Since unwanted effects are more likely to occur, a cautious dosage schedule should be adopted in elderly and patients with spasticity of cerebral origin (see section 4.2).
Renal impairment
Signs of overdose have been observed in patients with renal impairment taking baclofen at doses of more than 5 mg per day. Baclofen should be used with caution in patients with renal insufficiency and should only be administered to patients with end-stage renal failure (CKD stage 5, GFR < 15 ml/min) only if the expected benefit outweighs the potential risk (see section 4.2 Posology and method of administration). Neurological signs and symptoms of overdose including clinical manifestations of toxic encephalopathy (e.g. confusion, disorientation, somnolence and depressed level of consciousness) have been observed in patients with renal impairment taking oral baclofen at doses of more than 5mg per day and at doses of 5mg per day in patients with end-stage renal failure being treated with chronic haemodialysis. Patients with impaired renal function should be closely monitored for prompt diagnosis of early symptoms of toxicity.
Cases of baclofen toxicity have been reported in patients with acute renal failure (see section 4.9).
Particular caution is required when combining baclofen with drugs or medicinal products that can significantly affect renal function. Renal function should be closely monitored and baclofen daily dosage adjusted accordingly to prevent baclofen toxicity.
Besides discontinuing treatment, unscheduled haemodialysis might be considered as a treatment alternative in patients with severe baclofen toxicity. Haemodialysis effectively removes baclofen from the body, alleviates clinical symptoms of overdose and shortens the recovery time in these patients.
Encephalopathy
Cases of encephalopathy have been reported in patients receiving baclofen at therapeutic doses, which were reversible after treatment discontinuation. Symptoms included somnolence, depressed level of consciousness, confusion, myoclonus and coma.
If signs of encephalopathy are observed, baclofen should be discontinued.
Urinary disorders
Under treatment with baclofen, neurogenic disturbances affecting emptying of the bladder may show an improvement. In patients with pre-existing sphincter hypertonia, acute retention of urine may occur; the drug should be used with caution in such patients.
Abrupt withdrawal
Treatment should always, (unless serious adverse effects occur), be gradually discontinued by successively reducing the dosage over a period of about 1-2 weeks. Anxiety and confusional state, delirium, hallucination, psychotic disorder, mania or paranoia, convulsion (status epilepticus), dyskinesia, tachycardia, hyperthermia, rhabdomyolysis and temporary aggravation of spasticity as a rebound phenomenon and hypertonia have been reported with abrupt withdrawal of baclofen, especially after long term medication.

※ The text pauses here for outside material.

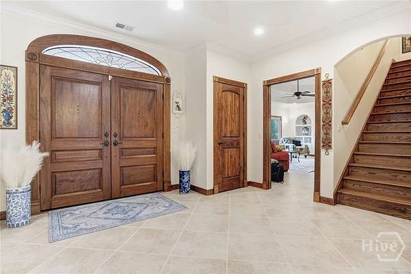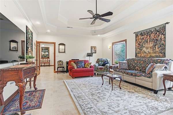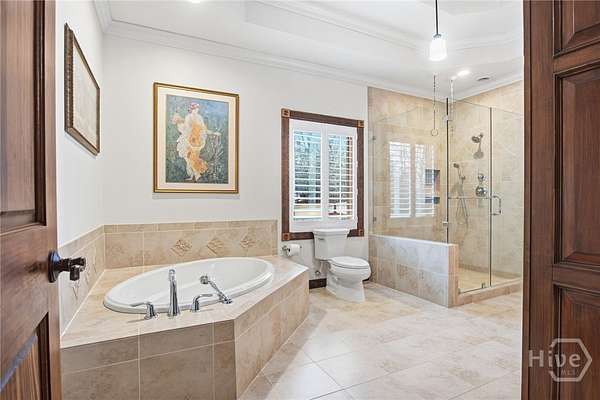 - Attic, Double Vanity, Entrance Foyer, Garden Tub/Roman Tub, Main Level Primary, Separate Shower, Split Bedrooms, Tray Ceiling(s)

Neonatal convulsions have been reported after intrauterine exposure to oral baclofen (see section 4.6).
Treatment should always (unless serious adverse effects occur) therefore be gradually discontinued by successively reducing the dosage over a period of about 1-2 weeks.
Laboratory tests
In rare instances, elevated aspartate aminotransferase, alkaline phosphatase and glucose levels in serum have been recorded. Appropriate laboratory tests should be performed in patients with liver diseases or diabetes mellitus in order to ensure that no drug induced changes in these underlying diseases have occurred.
Posture and balance
Baclofen should be used with caution when spasticity is needed to sustain upright posture and balance in locomotion (see section 4.2).
Paediatric patients
There is very limited clinical data on the use of baclofen in children under the age of one year. Use in this patient population should be based on the physician's consideration of individual benefit and risk of therapy.
Excipients
Baclofen Tablets contain lactose. Patients with rare hereditary problems of galactose intolerance, total lactase deficiency or glucose-galactose malabsorption should not take this medicine.
This medicinal product contains less than 1 mmol sodium (23 mg) per tablet, that is to say essentially 'sodium-free'.